BEGIN Supplied material

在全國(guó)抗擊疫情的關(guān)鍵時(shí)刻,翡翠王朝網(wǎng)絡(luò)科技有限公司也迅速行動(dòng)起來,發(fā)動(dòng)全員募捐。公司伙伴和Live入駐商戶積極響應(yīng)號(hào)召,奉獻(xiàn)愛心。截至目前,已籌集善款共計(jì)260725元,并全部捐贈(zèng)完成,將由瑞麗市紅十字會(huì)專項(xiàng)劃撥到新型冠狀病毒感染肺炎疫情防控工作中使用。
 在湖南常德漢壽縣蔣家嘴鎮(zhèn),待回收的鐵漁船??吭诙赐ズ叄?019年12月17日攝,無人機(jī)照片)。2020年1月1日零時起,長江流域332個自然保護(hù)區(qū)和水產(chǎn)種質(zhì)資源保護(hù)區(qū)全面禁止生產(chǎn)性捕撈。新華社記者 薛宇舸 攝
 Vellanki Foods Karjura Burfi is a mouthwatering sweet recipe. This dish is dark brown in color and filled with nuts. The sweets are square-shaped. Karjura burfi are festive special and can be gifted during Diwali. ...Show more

END Supplied material
BEGIN Supplied material

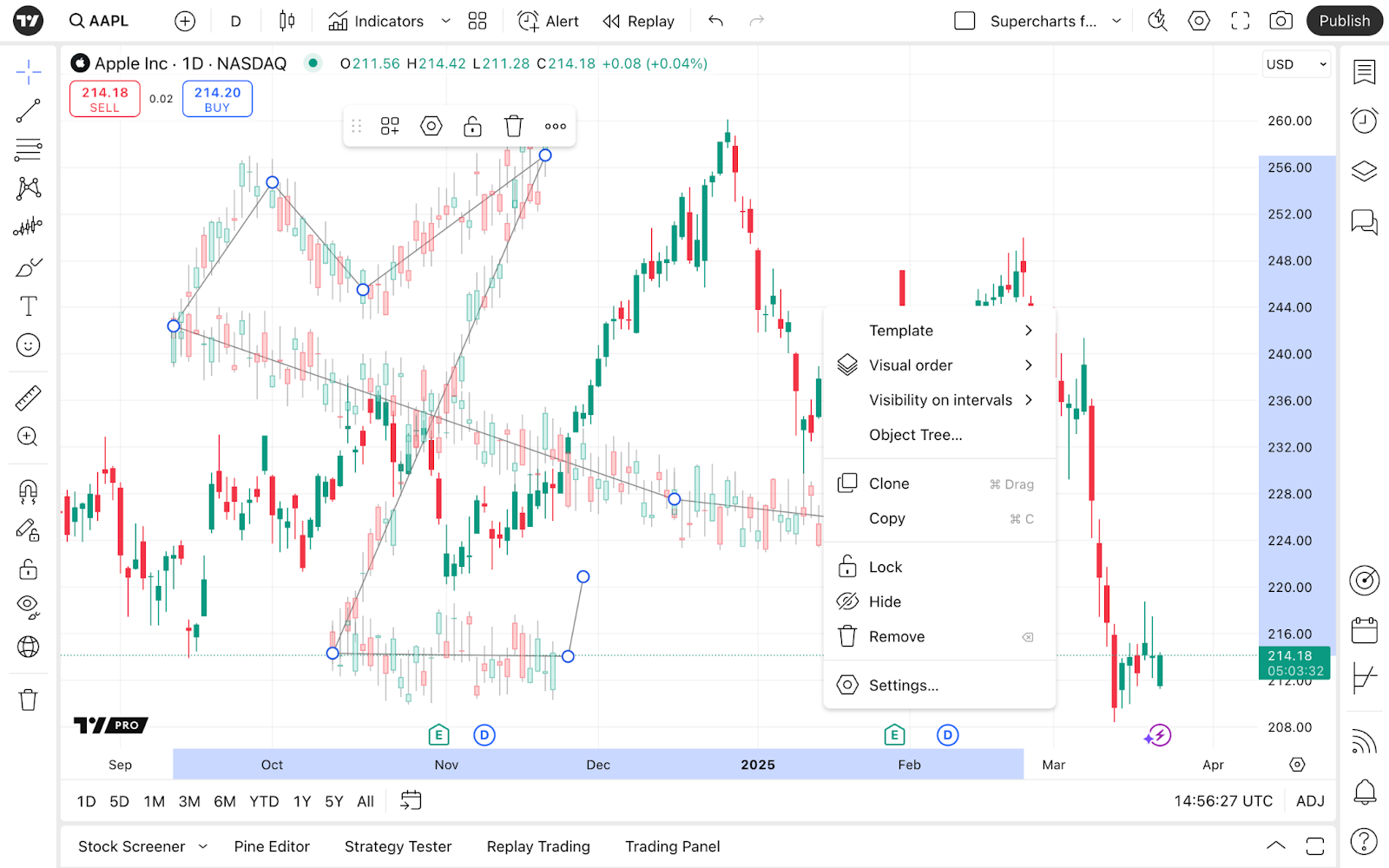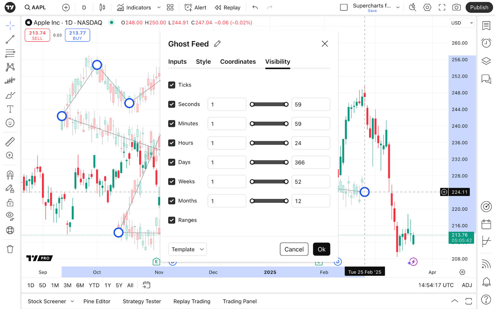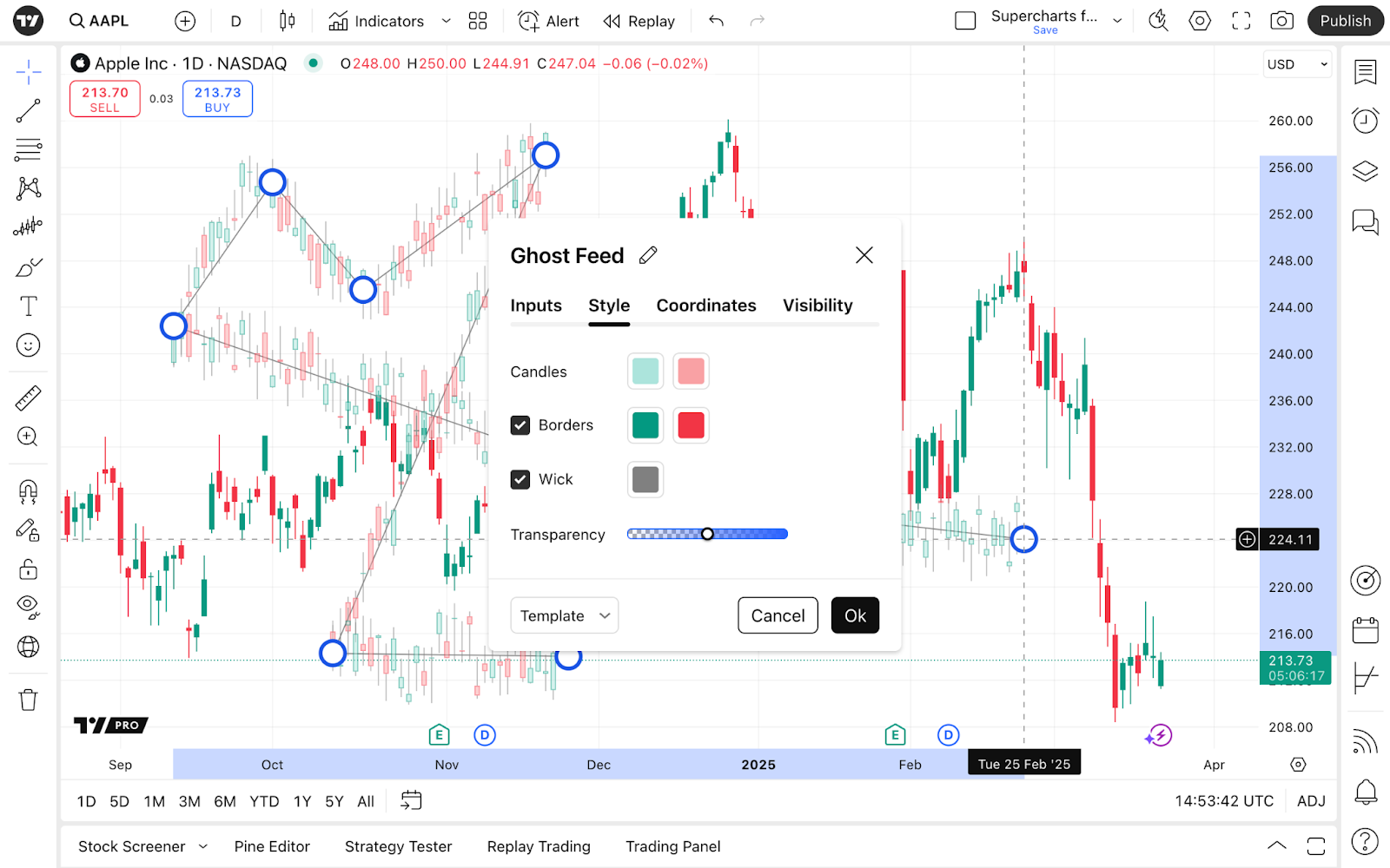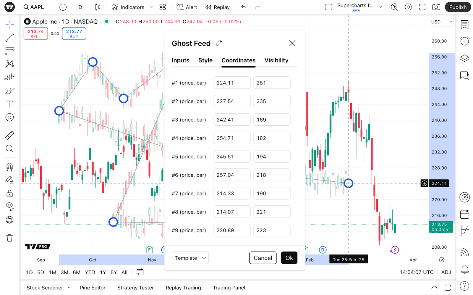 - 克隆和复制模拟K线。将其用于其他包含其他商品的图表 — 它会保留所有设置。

END Supplied material

# Brief
From the entries above, write out only the lines starting at the line that holds "在全國(guó)抗擊疫情的關" and ending at the line that holds "Vellanki Foods Karjura", keeping both and matching them exactly.

# Solution for this problem
在全國(guó)抗擊疫情的關(guān)鍵時(shí)刻,翡翠王朝網(wǎng)絡(luò)科技有限公司也迅速行動(dòng)起來,發(fā)動(dòng)全員募捐。公司伙伴和Live入駐商戶積極響應(yīng)號(hào)召,奉獻(xiàn)愛心。截至目前,已籌集善款共計(jì)260725元,并全部捐贈(zèng)完成,將由瑞麗市紅十字會(huì)專項(xiàng)劃撥到新型冠狀病毒感染肺炎疫情防控工作中使用。
 在湖南常德漢壽縣蔣家嘴鎮(zhèn),待回收的鐵漁船??吭诙赐ズ叄?019年12月17日攝,無人機(jī)照片)。2020年1月1日零時起,長江流域332個自然保護(hù)區(qū)和水產(chǎn)種質(zhì)資源保護(hù)區(qū)全面禁止生產(chǎn)性捕撈。新華社記者 薛宇舸 攝
 Vellanki Foods Karjura Burfi is a mouthwatering sweet recipe. This dish is dark brown in color and filled with nuts. The sweets are square-shaped. Karjura burfi are festive special and can be gifted during Diwali. ...Show more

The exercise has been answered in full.